Di Jakarta, saya bersua dengan Hambari, seorang fotografer lepas pada suatu sore di sudut Taman Ismail Marzuki, Cikini. Saya sedang khusyuk menekuri buku fotografi bawah laut di kedai buku Jose Rizal Manua kala itu, tidak menyadari kehadirannya. Saya baru tersadar ketika putra asli Sabang ini membisiki saya, "Kalau mau melihat yang begituan, datanglah ke kampung saya, di ujung barat negeri, di Sabang!" Saya yang masih sedikit terkejut saat itu hanya terdiam. "Iyah, di Pulau Weh, ujung Aceh! Perkenalkan, saya Hambari!", tangan kami bertaut. Dan sejurus kemudian, kami sudah berpindah tempat ke salah satu kedai makanan laut di dekat pintu masuk TIM.

Dari sosok Hambari, yang baru saya kenal itu, saya dapatkan cerita tentang Pantai Gapang. Lautnya masih biru, pasirnya putih menentramkan, ombaknya memang sedikit keras namun itulah ombak laut lepas, demikian Hambari menuturkan. Saya hanya melongo karena memang tidak begitu tahu tentang Sabang dan Pulau Weh. Selama ini Wakatobi, Bunaken, hingga Mentawai sudah cukup memanjakan 'keanehan saya'. Aneh? Yah, saya ini takut air, tidak bisa berenang, namun begitu senang melihat keindahan lautan. Hambari terkekeh. Di Gapang, di bawah matahari sisi utara katulistiwa, kehidupan bawah lautnya tak kalah keren! Dari permukaan air sudah bisa kelihatan gugusan karang dengan ikan-ikan kecilnya yang lalu lalang, tak usah takut tenggelam!, Hambari menggodaku. Ah, dasar.

Di tengah kokoh berdirinya gedung-gedung pencakar langit di Kuala Lumpur, Zulhilmi, ketua Persatuan Pelajar Indonesia IIUM yang asli Aceh sering mengejek saya. "Sepelemparan mata saja dari Kuala Lumpur. Keterlaluan kalau dikau tak sempatkan untuk berkunjung ke Tanah Rencong!". Sosok Zulhilmi yang pekerja keras dan tulus menjalankan amanah perlahan mengikis kata orang yang sering saya dengar, "Orang Aceh itu malas-malas!".

Di Hong Kong, saya bertemu dengan Randy, bukan orang Aceh, namun orang Betawi, kuliah di UGM Jogja, dan menyimpan mimpi besar untuk bisa mengunjungi Aceh.

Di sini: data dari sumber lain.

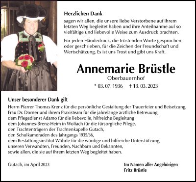 weitere Traueranzeigen

Aha, akhirnya saya dapatkan rekan!, batinku.
Kamipun lantas berjanji, akan kunjungi Aceh suatu hari nanti, bersama-sama. Yah, dua orang Indonesia, pengagum Indonesia, pecinta Indonesia, berjanji berdua di tengah dinginnya udara Hong Kong di bulan Januari untuk bersama mengunjungi Tanah Rencong.

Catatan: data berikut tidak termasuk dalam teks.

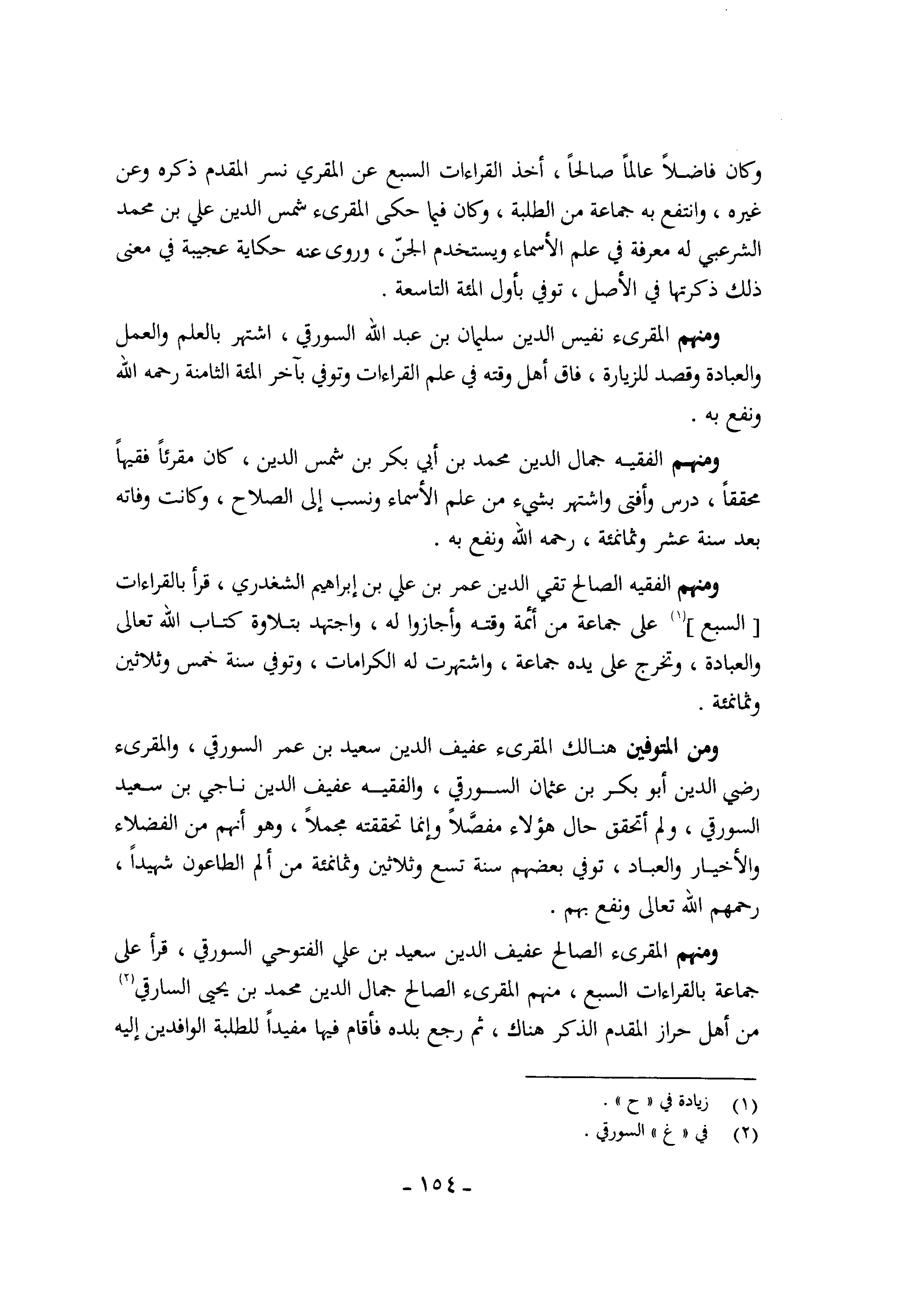 وَمِنْهُم المقرىء نَفِيس الدّين سُلَيْمَان بن عبد الله السورقي اشْتهر بِالْعلمِ وَالْعَمَل وَالْعِبَادَة وَقصد للزيارة فاق أهل وقته فِي علم الْقرَاءَات وَتُوفِّي بآخر المئة الثَّامِنَة رَحمَه الله ونفع بِهِ

Pagi tadi, seseorang mengirimkan informasi tentang satu lomba menulis pada saya. Dan, begitu saya susuri informasinya, hati saya langsung meronta untuk ikut. Saya kabarkan informasi yang sama pada Randy!
"Ada komunitas, namanya @iloveaceh, yang tentu saja peduli pada Aceh dan berusaha mempromosikan Aceh melalui media maya. Mereka mengadakan lomba menulis, hadiahnya ke Aceh mas!. Saya tidak menjamin lomba ini akan menjadi penjawab mimpi-mimpi kita untuk ke Aceh bersama. Namun, bukankah tidak ada salahnya untuk mencoba kan kawan?"
"Ah, gila! Deadline sudah hampir datang!" "Berlomba dengan deadline itu menyenangkan mas! Apalagi untuk sesuatu yang kita cinta dan kita pinta dalam setiap doa, agar suatu saat kita bisa ke sana: Aceh!"
Yah, bismillah. Aceh, aku (kami) datang!